• DIRECTIONS:
Please copy exactly the line containing "De Heilige St. Willebrordus" and every line after it, through the last line of the records below, leaving out all pictures.

• Dataset excerpts:
-------
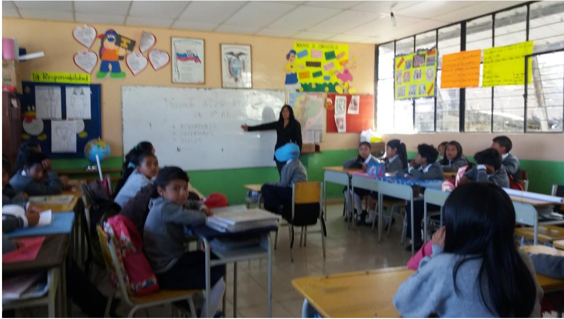
Fotografía. 4. Explicación del trabajo en equipo
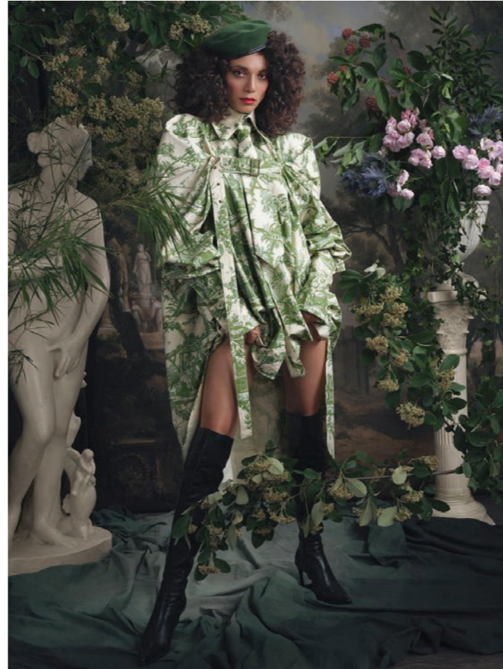
Maylys 11 Photographie 80 x 60 cm / 120 x 90 cm / 150 x 110 cm
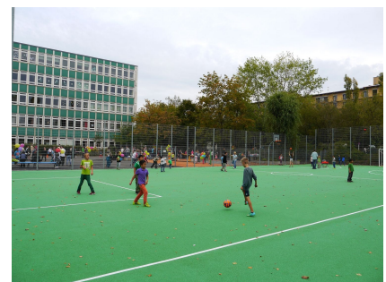
Viel Platz für Sport und Spiel
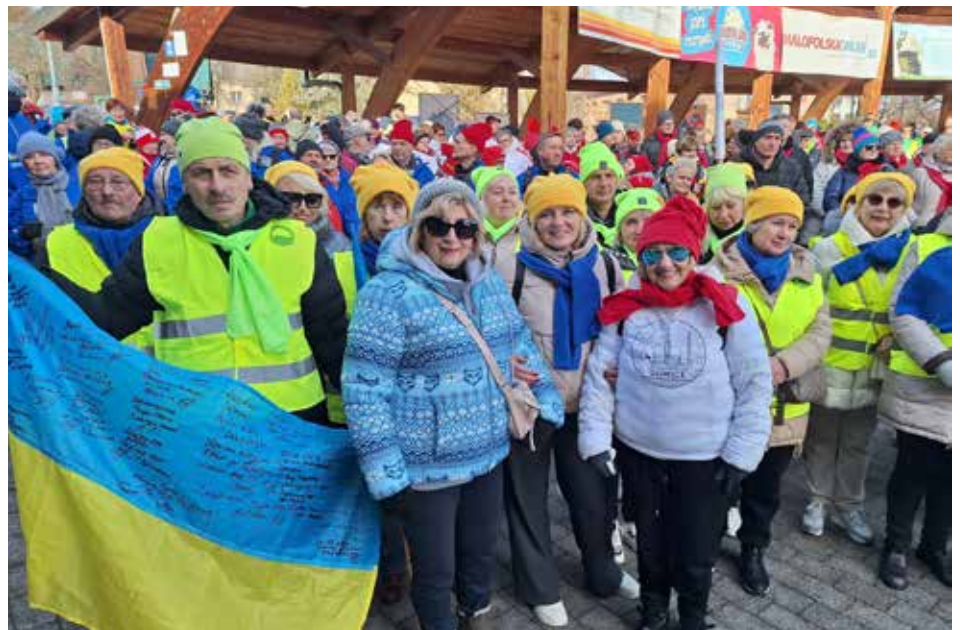
Reprezentacja Ukraińskich UTW

Uczestnicy są bardzo zadowoleni z wyników projektu. Pracujemy dalej.
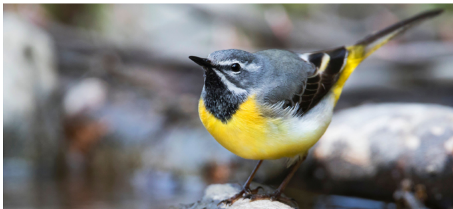
Abb. 6: Die Gebirgsstelze ( Motacilla cinerea ) war zuvor als ungefährdet eingestuft. Durch ihre Bestandsabnahme wird sie nun als gefährdet eingestuft.
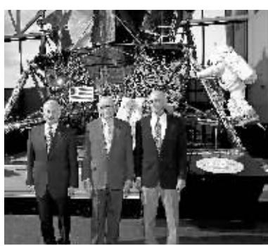
3名宇航员巴兹·奥尔德林、尼尔·阿姆斯特朗和迈克尔·柯林斯(从左至右)在华盛顿的美国国家航空航天博物馆一起参加一场演讲会。
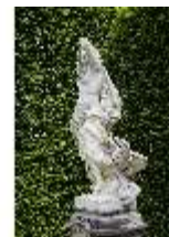
Lin.V, Gartenfigur Vier Elemente - Luft, Lin.Gf0004, DI023271, BSV-
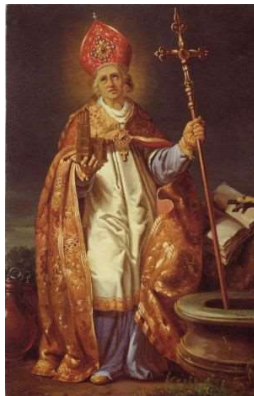
De Heilige St. Willebrordus

VLISSINGEN - Er bestaan veel theorieën over hoe Vlissingen aan die bijnaam komt, maar geen enkele is bewezen. De meest geloofde is het verhaal van Willibrord. Hij kwam in Walcheren aan land om de Zeeuwen te kerstenen, te bekeren tot het christendom. Hij bood bedelaars zijn fles aan, maar die fles raakte nooit leeg. Het kerstenen mislukte, Willibrord ging weg en liet zijn fles achter. Vanaf dat moment kennen we Flessingen (Vlissingen).
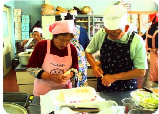
郷土料理のやせうま作り

今回はエコ・クッキングを実践されている、別府市食生活改善推進協議会（以下、食推協とする）に密着取材いたしました。約20名のヘルスメイトが集まり、公民館や地区の催し物に出て子供や学生さんに食育しています。水を大切にする、食材を無駄にしない、地産地消をコンセプトとし、昭和57年頃から活動しています。
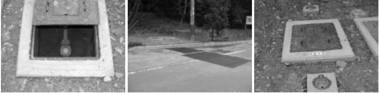
メーター取付工事終了
-------
• RESPONSE TO THIS TASK:
De Heilige St. Willebrordus

VLISSINGEN - Er bestaan veel theorieën over hoe Vlissingen aan die bijnaam komt, maar geen enkele is bewezen. De meest geloofde is het verhaal van Willibrord. Hij kwam in Walcheren aan land om de Zeeuwen te kerstenen, te bekeren tot het christendom. Hij bood bedelaars zijn fles aan, maar die fles raakte nooit leeg. Het kerstenen mislukte, Willibrord ging weg en liet zijn fles achter. Vanaf dat moment kennen we Flessingen (Vlissingen).
郷土料理のやせうま作り

今回はエコ・クッキングを実践されている、別府市食生活改善推進協議会（以下、食推協とする）に密着取材いたしました。約20名のヘルスメイトが集まり、公民館や地区の催し物に出て子供や学生さんに食育しています。水を大切にする、食材を無駄にしない、地産地消をコンセプトとし、昭和57年頃から活動しています。
メーター取付工事終了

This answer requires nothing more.